The study uses strongly dismissive language about Twitter’s contribution to traffic to news sites. But it never notes that many – probably most – Twitter users come from TweetDeck, HootSuite, mobile apps or some other source than Twitter.com. Twitter “barely registers as a referring source,” the report concludes, ignoring or ignorant of the fact that the data counted only traffic from Twitter.com and did not count most visits from Twitter users.

As the web evolves, so the tools that we use to measure and assess activity need to evolve, but this hasn’t really happened. We might have managed to ditch the misleading idea of ‘hits’, but web traffic measurement is still immature, with many of the tools remaining basic and unevolved. But this problem is only going to get worse, as Steve’s second point hints at.

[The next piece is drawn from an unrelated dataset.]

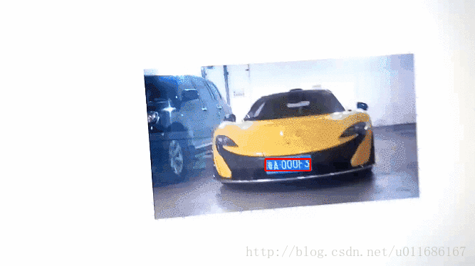 角度发生倾斜的车牌也是可以检测出来,但是在后期的车牌识别,需要进行倾斜校正。如果静态检测还不够意思,那么请看动态检测的效果(转换出来的gif有点模糊,各位莫怪):

As I mentioned in this post, earlier this year I did some work looking at referrer logs for a client, OldWeather.org, a citizen science project that is transcribing weather and other data from old ships logs. One of the things that I noticed was how messy Google Analytics’ data is when it comes to finding out which social networks people have visited from. Many social networks have multiple possible URLs which show up in the stats as separate referrers. For example, Facebook has:

  • facebook.com
  • m.facebook.com
  • touch.facebook.com

And Twitter has:

  • twitter.com
  • mobile.twitter.com

So in order to get a better picture of activity from Facebook and Twitter, we need to add the numbers for these subdomains together. But that alone doesn’t provide the full picture. A list compiled by Twitstat.com in August of last year showed that only 13.9% of its users were using the Twitter.com website, with another ~1% using Twitter’s mobile website. That means around 85% of Twitter users are not going to show up in the twitter.com referrals because they haven’t come from twitter.com or mobile.twitter.com.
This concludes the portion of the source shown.